Codeine commonly causes gastro-intestinal (GI) upset. Codeine and codeine-containing products may be taken with food to reduce or prevent GI upset.12 A common side effect of narcotic analgesics, including codeine, is constipation. Increasing dietary fibre (fruits, vegetables, beans, whole-grain foods, and others) and water intake can ease constipation.

References

1. Vale JA, Proudfoot AT. Paracetamol (acetaminophen) poisoning. Lancet 1995;346:547–52.

2. Perry HE, Shannon MW. J Pediatr 1998;132:149–52.

3. Houston JB, Levy G. Drug biotransformation interactions in man. VI: Acetaminophen and ascorbic acid. J Pharm Sci 1976;65:1218–21.

4. Kolawole JA, Maduenyi A. Effect of zobo drink (Hibiscus sabdariffa water extract) on the pharmacokinetics of acetaminophen in human volunteers. Eur J Drug Metab Pharmacokinet 2004;29:25–9.

5. Valenzuela A, Aspillaga M, Vial S, Guerra R. Selectivity of silymarin on the increase of the glutathione content in different tissues of the rat. Planta Med 1989;55:420–2.

6. Threlkeld DS, ed. Central Nervous System Drugs, Acetaminophen. In Facts and Comparisons Drug Information. St. Louis, MO: Facts and Comparisons, Mar 1997, 247–f.

7. Campos R, Garrido A, Guerra R, Valenzuela A. Silybin dihemisuccinate protects against glutathione depletion and lipid peroxidation induced by acetaminophen on rat liver. Planta Med 1989;55:417–9.
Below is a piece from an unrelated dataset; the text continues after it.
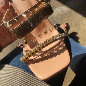 Trendy Rose Gold RockStud and Rhinestone straps featuring the highly desired Square Toe. these Heels are gorgeous for a night out, sparkly and shine steal the night ✨true to size for most. 4 strap mules

8. Yamada S, Murawaki Y, Kawasaki H. Preventive effect of gomisin A, a lignan component of schizandra fruits, on acetaminophen-induced hepatotoxicity in rats. Biochem Pharmacol 1993;46:1081–5.

9. Brinker F. Interactions of pharmaceutical and botanical medicines. J Naturopathic Med 1997;7(2):14–20.

10. Threlkeld DS, ed. Central Nervous System Drugs, Acetaminophen. In Facts and Comparisons Drug Information. St. Louis, MO: Facts and Comparisons, Mar 1997, 247–f.

11. Holt GA. Food & Drug Interactions. Chicago: Precept Press, 1998, 2.

12. Threlkeld DS, ed. Central Nervous System Drugs, Narcotic Agonist Analgesics. In Facts and Comparisons Drug Information. St. Louis, MO: Facts and Comparisons, Feb 1990, 243d.